The Conservative agitators are not alone in questioning the new offences. The Telegraph’s editorial board argues that Britain has “essentially been governed by fiat for the last few months” and calling for the country to “regain its checks and balances”.
“Britons have already been asked to surrender too many civil liberties,” the newspaper says. “At the very least, these sacrifices should be debated by the elected representatives of the people.”
Meanwhile, Opinium polling that puts Labour ahead of the Tories for the first time since Keir Starmer became leader in April “will sow more doubts among Conservative MPs about Johnson and his teams in No. 10 and the cabinet”, says The Guardian.
Labour, the Scottish National Party and the Liberal Democrats have all suggested they will back Brady’s amendment to “rein in Johnson and No. 10”, the paper continues.
If all of the opposition parties support Brady, he would need just 43 Tories to defeat the government.
The new 1984: the case for restrictions
Although claims that Johnson is ruling by diktat are fuelling discontent, much of the anger is over “how coronavirus rules are agreed and imposed”, says The Guardian - not whether they should be imposed at all.

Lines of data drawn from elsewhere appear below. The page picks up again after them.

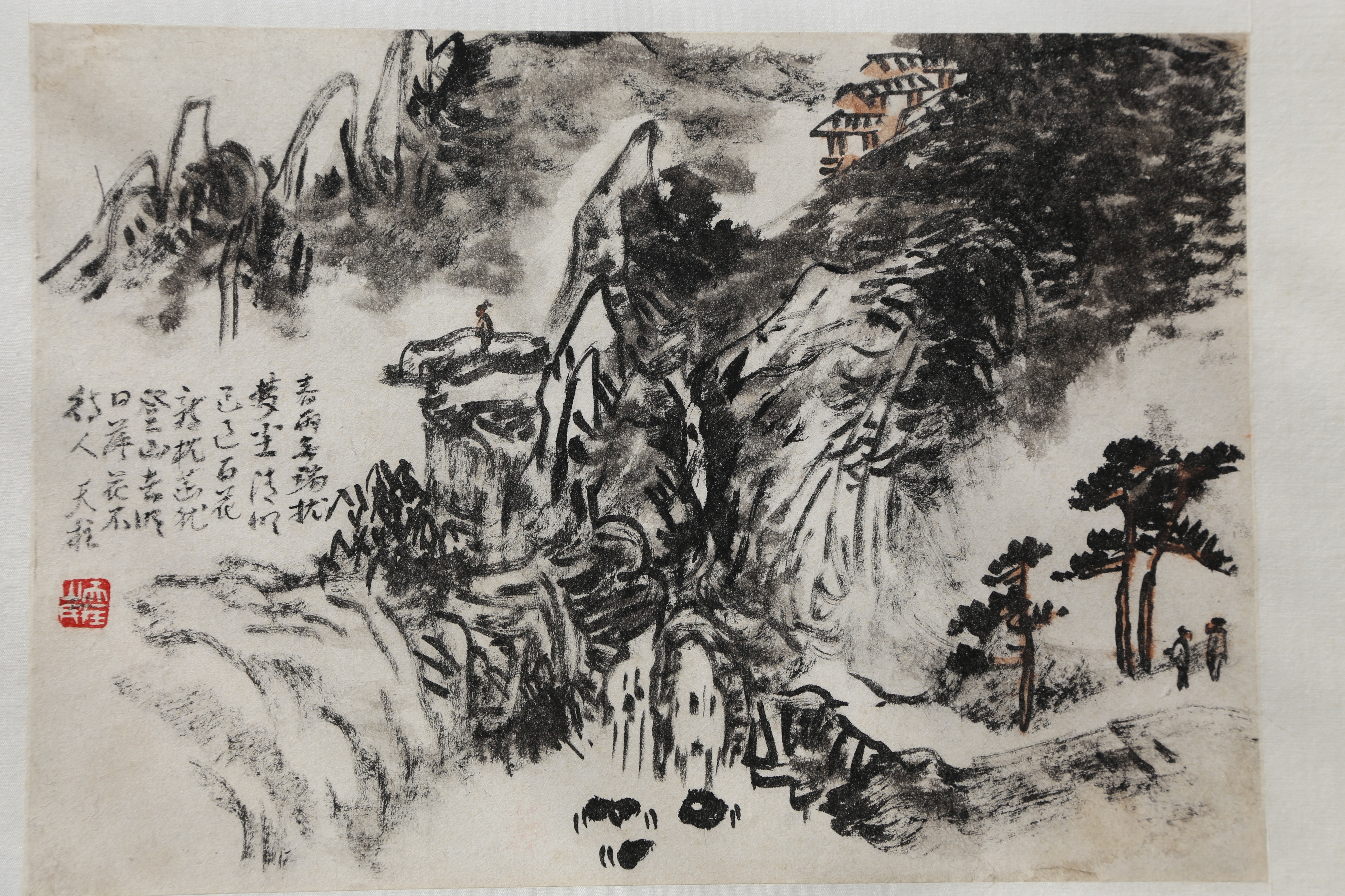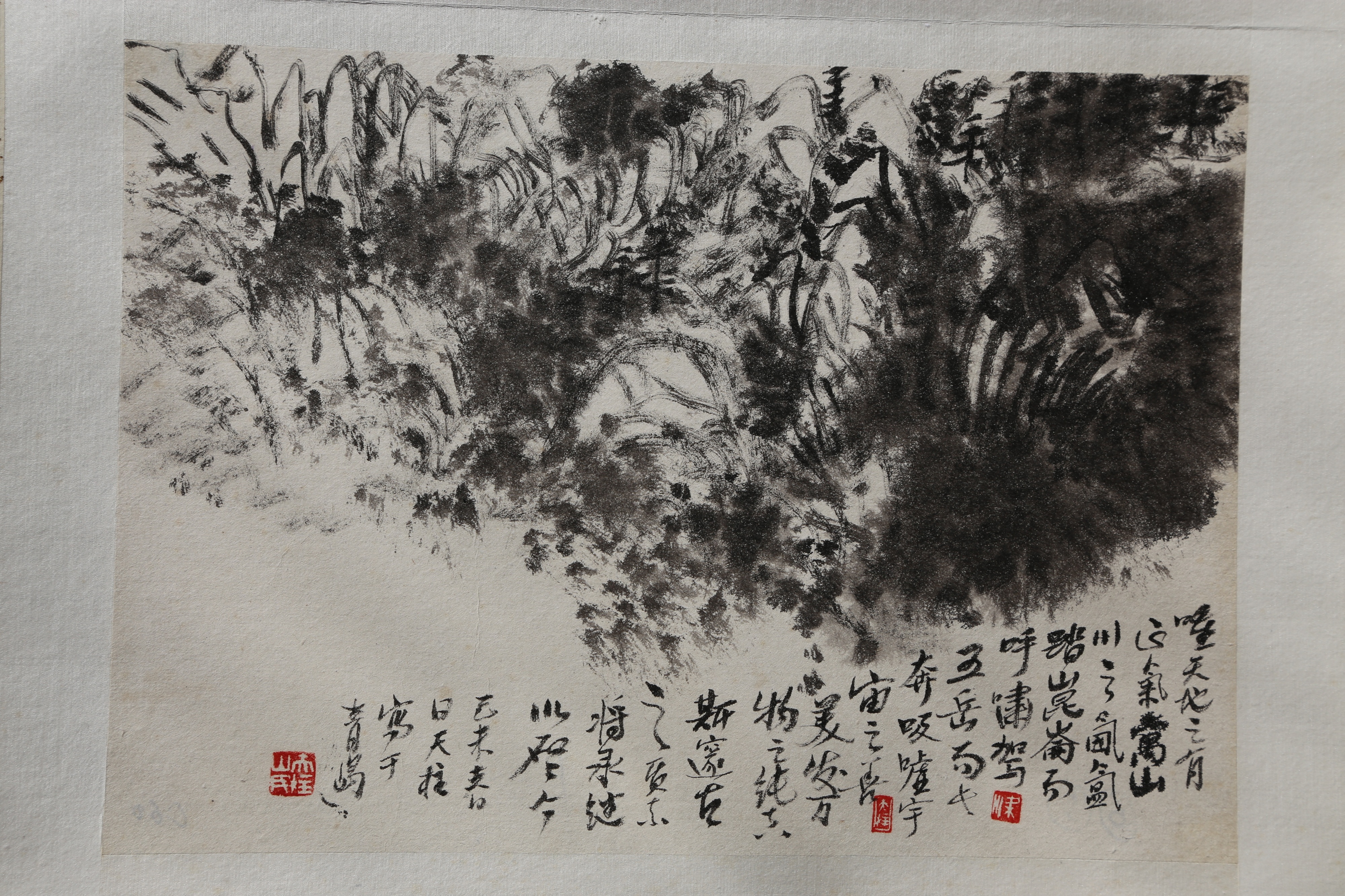 他有两大传奇,一是有空闲就在处方笺上练绝活,每天至少要画几十张。二是曾在一处14平方米的小阁楼居住作画一二十年,大至数十米的巨幛,小至半尺的册页,从不打稿,也不愿画重复的画,提笔就上,直接以焦墨画墨稿,不修不补,一笔贯底,一气呵成。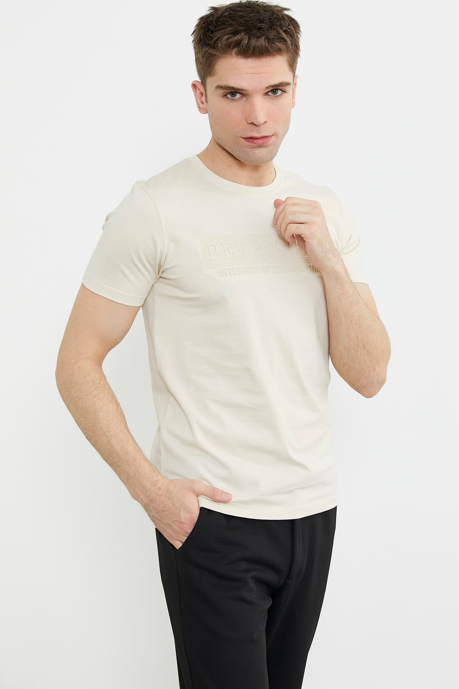 Pamuklu slim fit tişört, kabartma baskı detaylıdır.Renge renk kullanılmıştır. Spor kombinler için idealdir.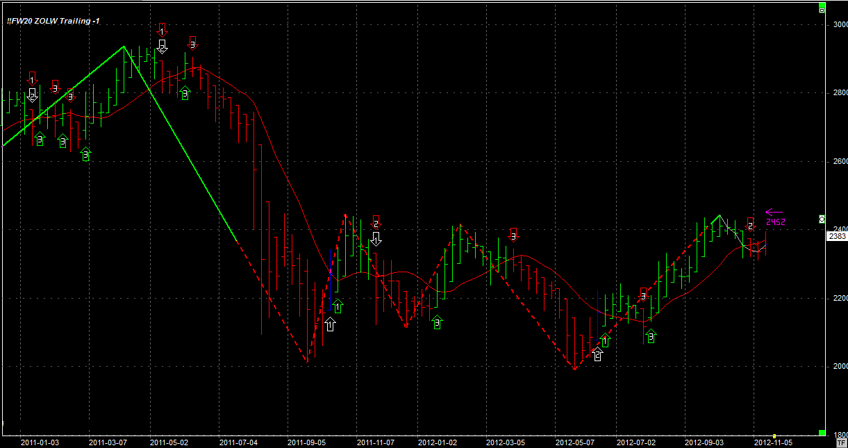 System zajął jedną krótką pozycję (przeciw trendowi) po 2326 pkt. Stop na 2452 pkt.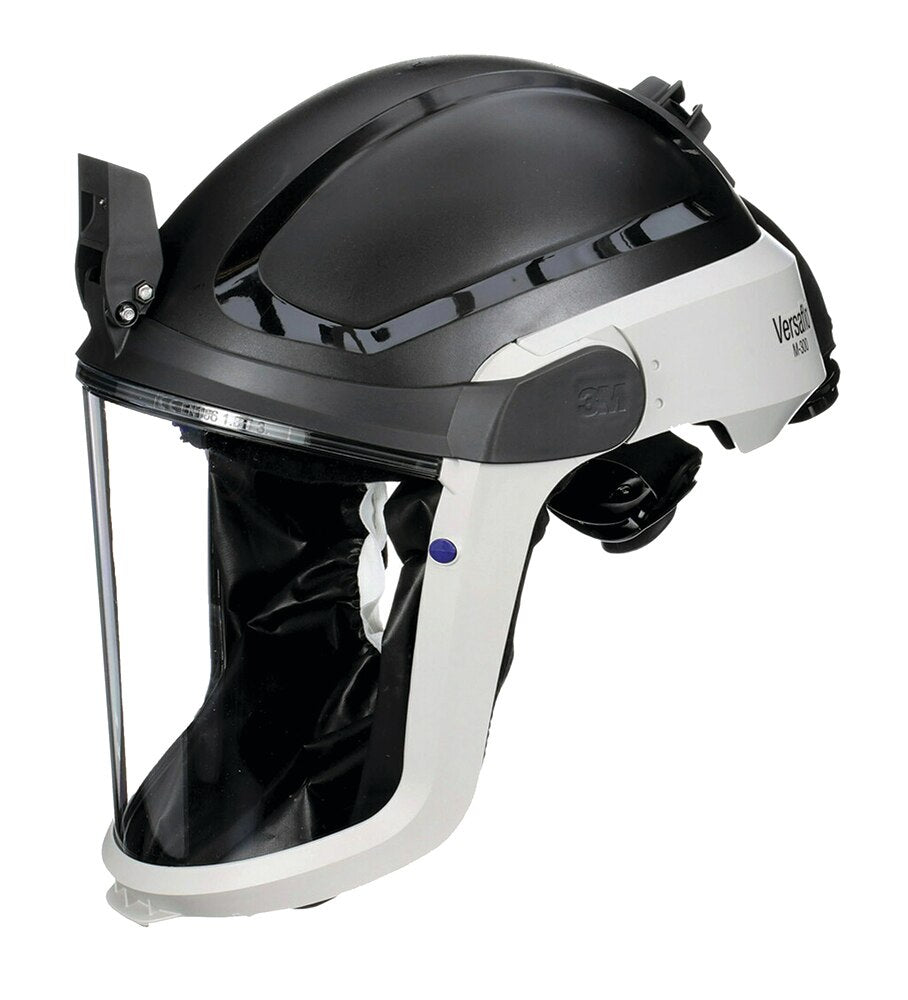 3M Versaflo M-Series helmets offer integrated protection from a range of respiratory, face, and eye hazards. For use in a variety of industries and environments with numerous customization offerings including faceseals, shrouds, visor peel-offs, radiant heat accessories, welding shields and more.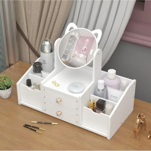 - Дървената тоалетка е чудесен рафт за съхранение на козметика, като червило, очна линия, гланц за устни, моливи за вежди и друга козметика и бижута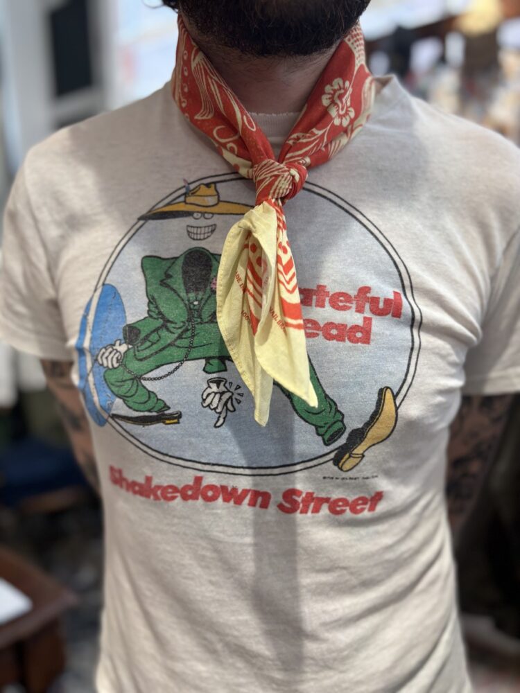 ロンドンの印刷会社The Printer’s Devilとのコラボレーションで作られた「スネイルブランド」による日本製のバンダナ。よくある53cm規格よりもひと回り大きい60cm四方サイズで、Tシャツや襟付きシャツの上から首に巻けば、ほどよい存在感でサマになる一枚だ。色は4色展開で、中でも一番の人気はベージュ地に赤のデザイン。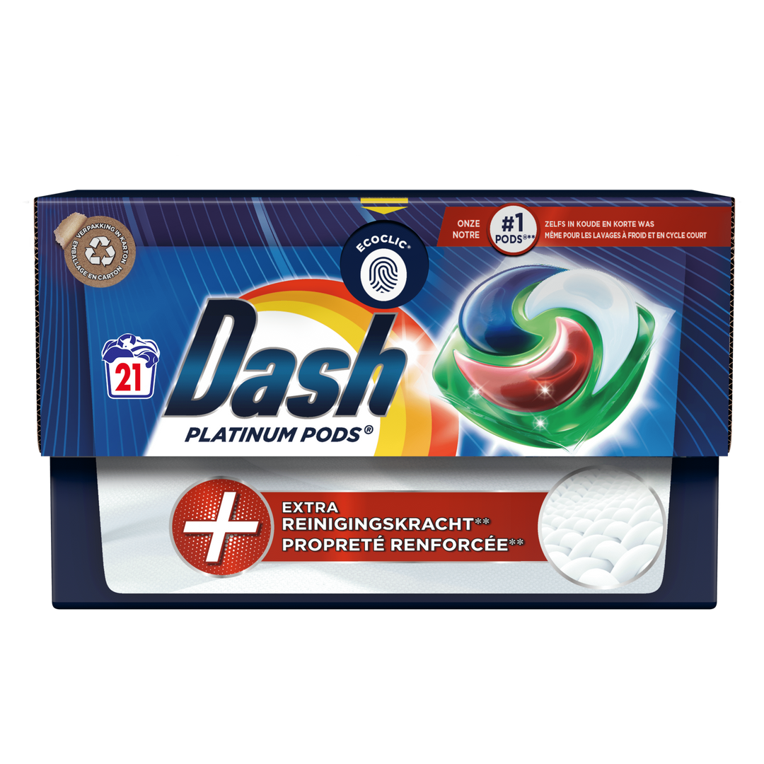 Dash Platinum PODS wascapsules plus extra vlekverwijderingskracht voor gekleurde kleding. Het is ontworpen om hardnekkige vlekken te verwijderen, zelfs bij lagere temperaturen, en biedt een onweerstaanbare frisheid.

While MPs such as Baker have argued for a reduction in the number of coronavirus restrictions, others including London Mayor Sadiq Khan have argued the government is not going far enough. And coronavirus case numbers are rising.
Although the number of new cases fell for the second day in a row on Sunday, the tally still marked “a significant increase on last weekend’s figures”, Sky News reports. A total of 5,693 people tested positive for Covid-19 on 27 September, up from 3,899 a week earlier.
On 18 September, Khan said that he was “extremely concerned” by the latest evidence he had seen and was of the “firm view” that action should be taken to control the virus. He added that it looked “increasingly likely that, in London, additional measures will soon be required to slow the spread of the virus”.
Johnson has so far resisted calls for a so-called “circuit breaker” lockdown in either the capital or nationwide, but plans for a social lockdown are understood to have been presented to the cabinet’s Covid-19 Strategy Committee.
And further restrictions have this week been announced for the Northeast, with the similar measure expected to follow for the Northwest.